‘YouTube controversies ruining our positive posts’

Image copyright Sarah Bardsley

YouTubers say controversial characters like Logan Paul detract from the good work they do online.

Make-up vlogger Em Ford says she “fundamentally disagrees” with his controversial video made in Japan’s Aokigahara forest.

“It’s disappointing to not see any of the good things championed,” she tells Newsbeat.

The Brit is annoyed a campaign raising over £700,000 for Mexico earthquake victims got little media interest.

She’s part of YouTube’s Creators For Change programme, which aims to inspire creators who share positive messages through their videos.

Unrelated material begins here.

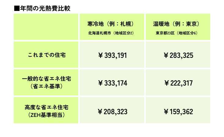 省エネ住宅で節約できる年間の光熱費(戸建て住宅)

Image copyright Sarah Bardsley
Image caption Newsbeat spoke to Em Ford and Humza Productions at a YouTube event in London this week

Em talks about make-up with her million subscribers for My Pale Skin, but it’s showing her struggle with acne that inspires her followers.

“You could look at my channel and say I just review foundations or talk about face masks,” she says.

“When you have acne, that foundation is the one thing that can give you back the control that acne has stripped away from you and make you feel better about yourself.”

“I will keep posting pictures of my face and I will keep encouraging other women to post pictures of their faces regardless of pigmentation, colour or whatever society issue is going on there, until it becomes normal,” she adds.

Both Em and Humza Arshad, who has close to 400,000 subscribers on his Humza Productions channel, say that despite a lack of media coverage for some positive efforts by YouTubers, the impact is seen in the response to their posts.

Humza posts mostly comedy videos but one of his most watched clips is a hard-hitting piece on Islamophobia in the UK.

It has been watched more than a million times across the world.

“It took me maybe 5 or 10 minutes to write but it came from the heart,” Humza tells Newsbeat.

“Because it was real, it was authentic, I knew a lot of people would relate and react to it.”

Humza has tried to put a message in all his YouTube videos since he started uploading comedy sketches about a wannabe gangster called Diary Of A Badman.

“I wanted to do videos that were funny and made people laugh but think at the same time,” he says.

“I thought it was very important to leave a positive message and not just do pointless comedy.”

Image copyright Sarah Bardsley
Image caption Both Em and Humza say meeting other YouTubers inspired them to share more positive messages through their channels

Humza says YouTubers like him, Em and others working to promote positive messages can “genuinely change a life,” and believes even Logan Paul’s controversial video prompted a positive discussion about suicide.

And Em says that the success she has found on YouTube goes against modern stigma against young people and how they rely on technology and social media.

“There’s this stigma that young people are just glued to their phones, YouTube or TV all day long,” she says.

“When I was 24 I started a company through my phone.

“Had it not been for that phone, had it not been for the internet or the programmes that inspired me on TV when I was younger I would never have made a film and I would never be trying to get out a positive message.”